In [4]: dfdW(numpy.ones((10, 10)), numpy.ones(10))
---------------------------------------------------------------------------
NameError                                 Traceback (most recent call last)
<ipython-input-4-70a6a8cf8bcb> in <module>()
----> 1 dfdW(numpy.ones((10, 10)), numpy.ones(10))

/var/folders/gr/btjlj89x0y17vf4ndzl5vklh0000gn/T/tmpa7f1cu6p/tangent_d792.py in dfdW(W, x, bout)
      4
      5     # Grad of: out = numpy.sum(h2)
----> 6     _bh2 = tangent.astype(tangent.unreduce(bout, numpy.shape(h2), None, np.
      7         _NoValue), h2)
      8     bh2 = _bh2

NameError: name 'np' is not defined
ghost commented 6 years ago

It is written in the error itself that on line 6 it is described "np." which the compiler is unable to classify , it should be : _bh2 = tangent.astype(tangent.unreduce(bout, numpy.shape(h2), None, numpy._NoValue), h2)

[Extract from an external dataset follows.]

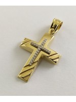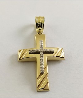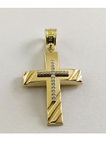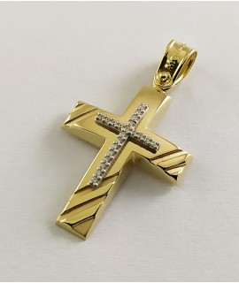 Γυναικείος Σταυρός δημιουργίας "Μενέκου", σε κίτρινο χρυσό 14 καρατίων, minimal γραμμής με ανάγλυφο σχέδιο στις δύο οριζόντιες άκρες του καθώς και στο κάτω κάθετο άκρο του και ένθετο σταυρό από πέτρες ζιργκόν . Γυαλιστερή, σατινέ ματ υφή.

bartvm commented 6 years ago

@rikudoayush The code is actually generated by Tangent, so @dmitriy-serdyuk wouldn't be able to change it easily. It is indeed a bug.

What is happening is this: If a function is called without keyword arguments, we take the default values from the function signature and use those to call the backward function. In this case we take keepdims=np._NoValue from numpy.sum, and we make sure that we call the gradient function (unreduce) with that value. This works if the keyword argument defaults are None, True, etc. but if it's an actual object (like the singleton np._NoValue) it breaks if that object isn't available in the namespace of the backward pass, which is what happens here.

Fixing this would require a bit of machinery, or maybe we should just require adjoints to explicitly specify the defaults of the function they are wrapping. Having a look at it now.